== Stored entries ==
*****
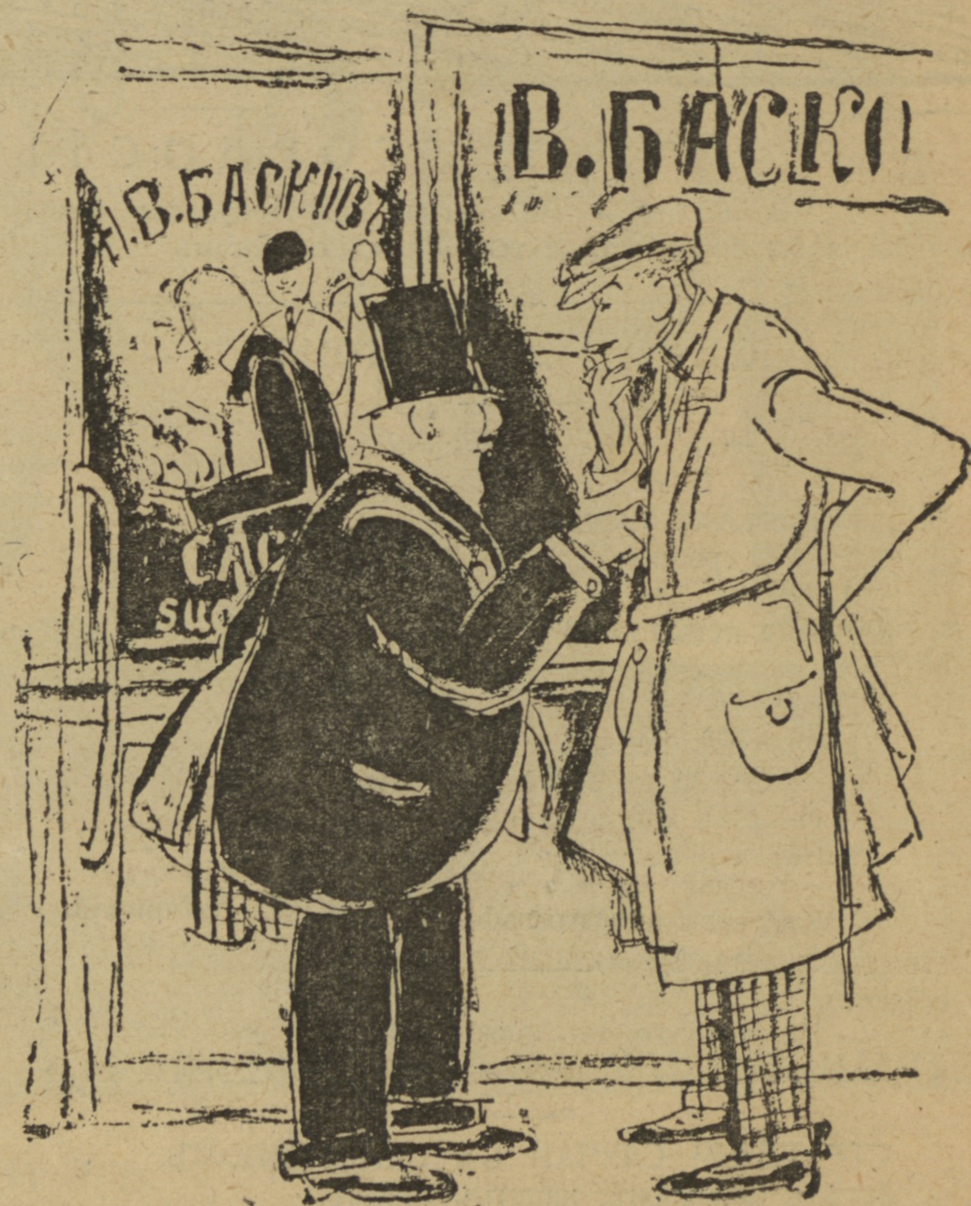
Рис. К. Богуславской.
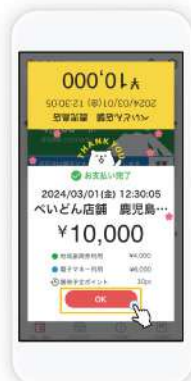
お支払いが完了となります。「OK」をタップします。

「天文館プレミアムポイント」は Payどん アプリの 地域振興券 (緑色のアイコン) から ご購入ください
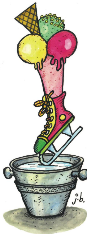
Deutsches Eisbein auf gefrorenem Nordsee-Wasser.
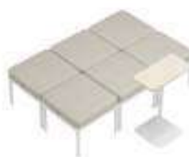
Composition 8 Dim : L. 180 x P. 120 x H. 45 cm

Retrouvez toutes les finitions disponibles de cette gamme sur www.spaceplanning.fr
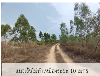
แนวเวนไม่ทำเหมืองระยะ 10 เมตร
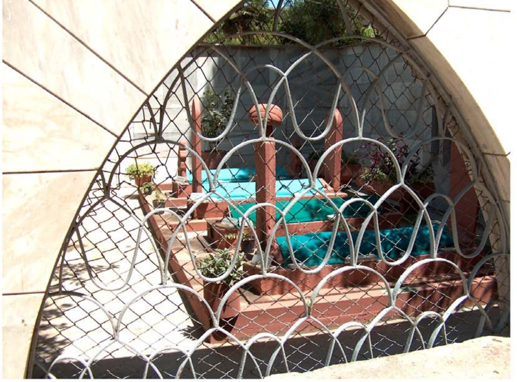
İbn-i Melek Türbesi
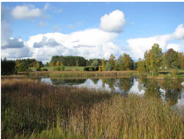
Ylhäällä Sikojoen rantaniittyä Sikosillan pohjoispuolelta, alhaalla näkymä Sikosillalta.
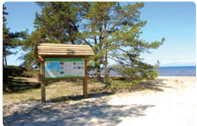
Informācijas stends Slīteres nacionālajā parkā

http://www.celotajs.lv/cont/prof/proj/PolProp/Dokumenti/Outdoor_panels_LV.pdf
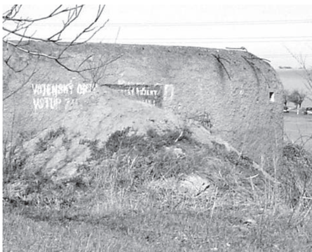
MAJETKEM se staly také bunkry v Komárově.
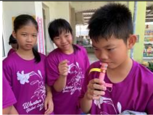
聞香瓶小活動，到底聞出來沒有啦~
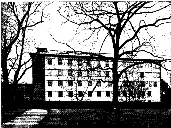
Biologisk Institut, Botanisk Have. Arkitekt, kgl. bygningsinspektør K. Gottlob.
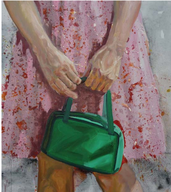
„Grüne Handtasche“ | Acryl, Öl und Lack auf Leinwand, 90x80 cm, 2009
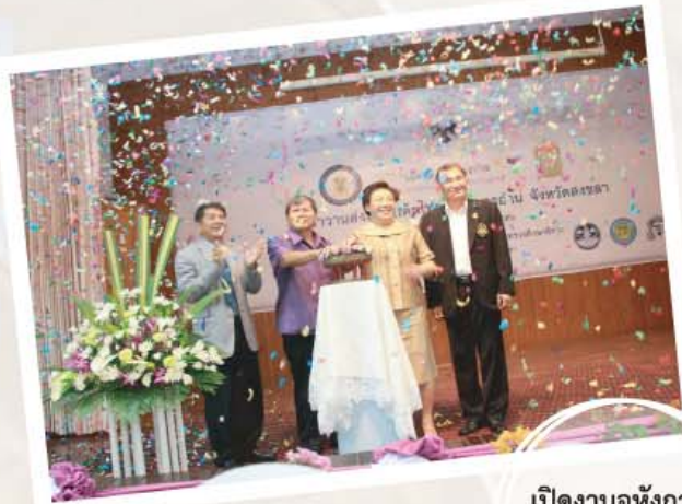
เปิดงานอหังการ คาราวานสงขลา
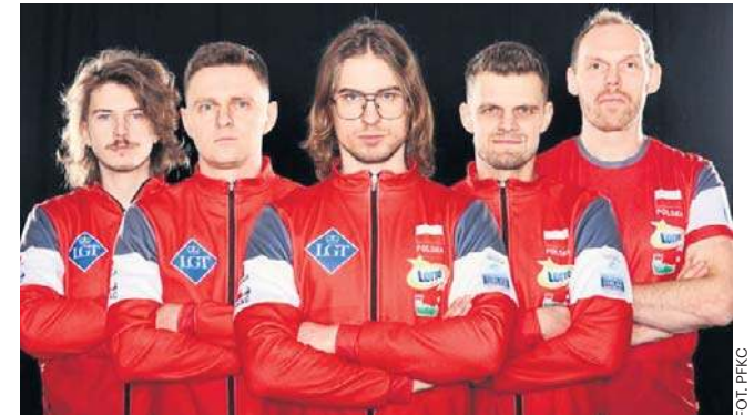
Wałbrzyscy curlerzy odnieśli historyczny sukces w mistrzostwach Europy. Teraz czekają ich mistrzostwa świata.

Reprezentacja Polski mężczyzn w curlingu, oparta na zawodnikach Wałbrzyskiego Klubu Curlingowego ma za sobą ogromny sukces. Przed kilkoma dniami po raz pierwszy zakończyła mistrzostwa Europy na znakomitym, 7. miejscu. To zapewniło jej nie tylko utrzymanie w elitarnej Dywizji A, ale przede wszystkim zagwarantowało pierwszy w historii awans na przyszłoroczne mistrzostwa świata. Odbędą się one na przełomie marca i kwietnia w amerykańskim Ogden City.
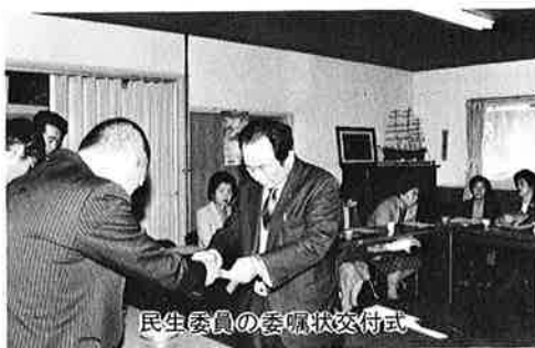
民生委員の委嘱状交付式

地域福祉を支える行政ボランティアのひとりである民生(児童)委員が、十一月末で任期満了となり、十二月一日付で次の方々に厚生大臣と県知事からの
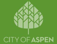
IMAGEN DEL PLAN DE ACCIÓN DE SOSTENIBILIDAD DE ASPEN
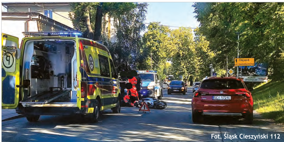
Fot. Śląsk Cieszyński 112

Zdecydowanie nie był trzeźwy mężczyzna zatrzymany przez policjantów na ul. Mickiewicza. W czwartkowe popołudnie policjanci z Ustronia otrzymali zgłoszenie dotyczące kierującego opłem, którego sposób prowadzenia pojazdu wskazywał,
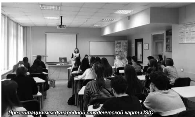
Презентация международной студенческой карты ISIC
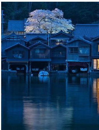
② 冠木 春 舟屋の里 京都府伊根町 f/9 1/1 20 800
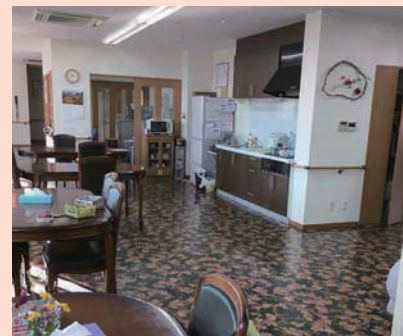
▲通所利用者が日中過ごすスペース

訪問などから徐々に慣れ、通いや泊まりにつなげるなど、サービスの組み合わせは本人の状況に合わせて行います。在宅と施設の間のステップとしての利用ができます。
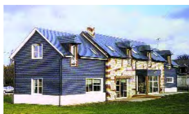
archi. B. Bonhaume - ent. Charpentiers d'Aujourd'hui

La facilité de mise en œuvre des composants bois rend aisé leur assemblage, notamment sur les terrains en pente, difficiles d'accès ou de faible portance.
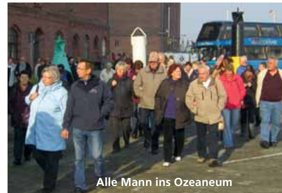
Alle Mann ins Ozeaneum

Die nächste Station unserer Tour war die Stralsunder Brauerei mit dem uns bekannten Störtebekerbier. Koggen und Brauereien waren schon immer eng verbunden, denn Bier war der Exportartikel der Hansezeit und die Koggen die Bierlastesel. Seit diesem Jahr gibt es nun
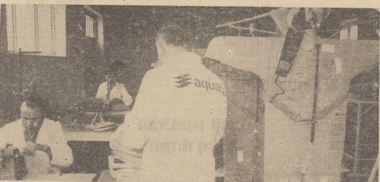
— WŁASNIE wczoraj wyprodukowaliśmy pierwszą partię polskich termicznych ubrań ratunkowych.

Jak nas poinformowano w szczyńskim PRZ w br. zakontraktowano przeszło 72 tys. ton pszenicy, podczas gdy w ub. roku o 15 tys. ton mniej. Należy sądzić, że skup będzie dużo większy od kontraktacji.
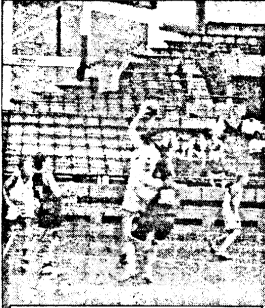
O aruncare cât o victorie...
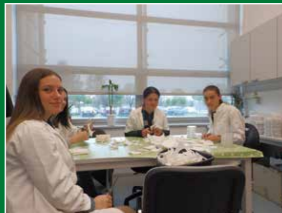
Modul Ekološki prihvatljiva zaštita bilja
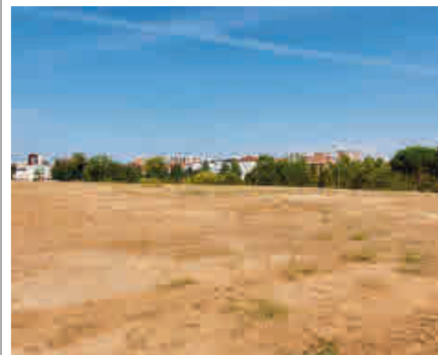
La parcela cedida al músico madrileño

gentedigital.es Toda la actualidad de los distritos de Madrid, en nuestra web
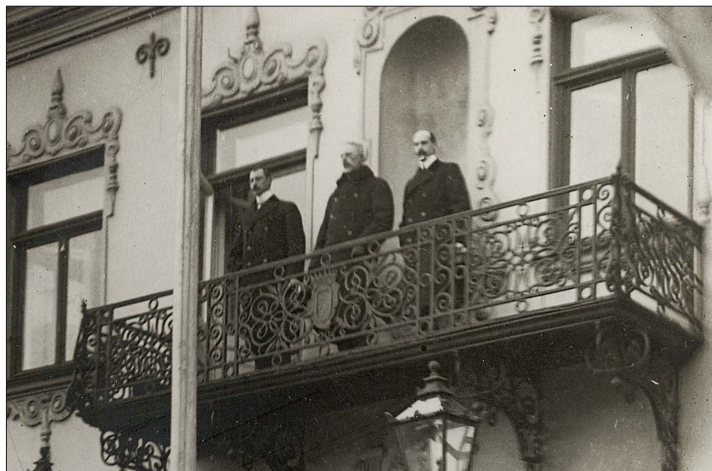
Tre konger på altanen under mødet i Malmö 1914.
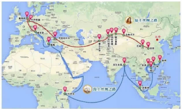
图 2 中国“一带一路”战略路线图
*****
== AIM OF THE TASK ==
Leaving out the pictures, repeat all of the entries exactly.

== RESPONSE AREA ==
Рис. К. Богуславской.
お支払いが完了となります。「OK」をタップします。

「天文館プレミアムポイント」は Payどん アプリの 地域振興券 (緑色のアイコン) から ご購入ください
Deutsches Eisbein auf gefrorenem Nordsee-Wasser.
Composition 8 Dim : L. 180 x P. 120 x H. 45 cm

Retrouvez toutes les finitions disponibles de cette gamme sur www.spaceplanning.fr
แนวเวนไม่ทำเหมืองระยะ 10 เมตร
İbn-i Melek Türbesi
Ylhäällä Sikojoen rantaniittyä Sikosillan pohjoispuolelta, alhaalla näkymä Sikosillalta.
Informācijas stends Slīteres nacionālajā parkā

http://www.celotajs.lv/cont/prof/proj/PolProp/Dokumenti/Outdoor_panels_LV.pdf
MAJETKEM se staly také bunkry v Komárově.
聞香瓶小活動，到底聞出來沒有啦~
Biologisk Institut, Botanisk Have. Arkitekt, kgl. bygningsinspektør K. Gottlob.
„Grüne Handtasche“ | Acryl, Öl und Lack auf Leinwand, 90x80 cm, 2009
เปิดงานอหังการ คาราวานสงขลา
Wałbrzyscy curlerzy odnieśli historyczny sukces w mistrzostwach Europy. Teraz czekają ich mistrzostwa świata.

Reprezentacja Polski mężczyzn w curlingu, oparta na zawodnikach Wałbrzyskiego Klubu Curlingowego ma za sobą ogromny sukces. Przed kilkoma dniami po raz pierwszy zakończyła mistrzostwa Europy na znakomitym, 7. miejscu. To zapewniło jej nie tylko utrzymanie w elitarnej Dywizji A, ale przede wszystkim zagwarantowało pierwszy w historii awans na przyszłoroczne mistrzostwa świata. Odbędą się one na przełomie marca i kwietnia w amerykańskim Ogden City.
民生委員の委嘱状交付式

地域福祉を支える行政ボランティアのひとりである民生(児童)委員が、十一月末で任期満了となり、十二月一日付で次の方々に厚生大臣と県知事からの
IMAGEN DEL PLAN DE ACCIÓN DE SOSTENIBILIDAD DE ASPEN
Fot. Śląsk Cieszyński 112

Zdecydowanie nie był trzeźwy mężczyzna zatrzymany przez policjantów na ul. Mickiewicza. W czwartkowe popołudnie policjanci z Ustronia otrzymali zgłoszenie dotyczące kierującego opłem, którego sposób prowadzenia pojazdu wskazywał,
Презентация международной студенческой карты ISIC
② 冠木 春 舟屋の里 京都府伊根町 f/9 1/1 20 800
▲通所利用者が日中過ごすスペース

訪問などから徐々に慣れ、通いや泊まりにつなげるなど、サービスの組み合わせは本人の状況に合わせて行います。在宅と施設の間のステップとしての利用ができます。
archi. B. Bonhaume - ent. Charpentiers d'Aujourd'hui

La facilité de mise en œuvre des composants bois rend aisé leur assemblage, notamment sur les terrains en pente, difficiles d'accès ou de faible portance.
Alle Mann ins Ozeaneum

Die nächste Station unserer Tour war die Stralsunder Brauerei mit dem uns bekannten Störtebekerbier. Koggen und Brauereien waren schon immer eng verbunden, denn Bier war der Exportartikel der Hansezeit und die Koggen die Bierlastesel. Seit diesem Jahr gibt es nun
— WŁASNIE wczoraj wyprodukowaliśmy pierwszą partię polskich termicznych ubrań ratunkowych.

Jak nas poinformowano w szczyńskim PRZ w br. zakontraktowano przeszło 72 tys. ton pszenicy, podczas gdy w ub. roku o 15 tys. ton mniej. Należy sądzić, że skup będzie dużo większy od kontraktacji.
O aruncare cât o victorie...
Modul Ekološki prihvatljiva zaštita bilja
La parcela cedida al músico madrileño

gentedigital.es Toda la actualidad de los distritos de Madrid, en nuestra web
Tre konger på altanen under mødet i Malmö 1914.
图 2 中国“一带一路”战略路线图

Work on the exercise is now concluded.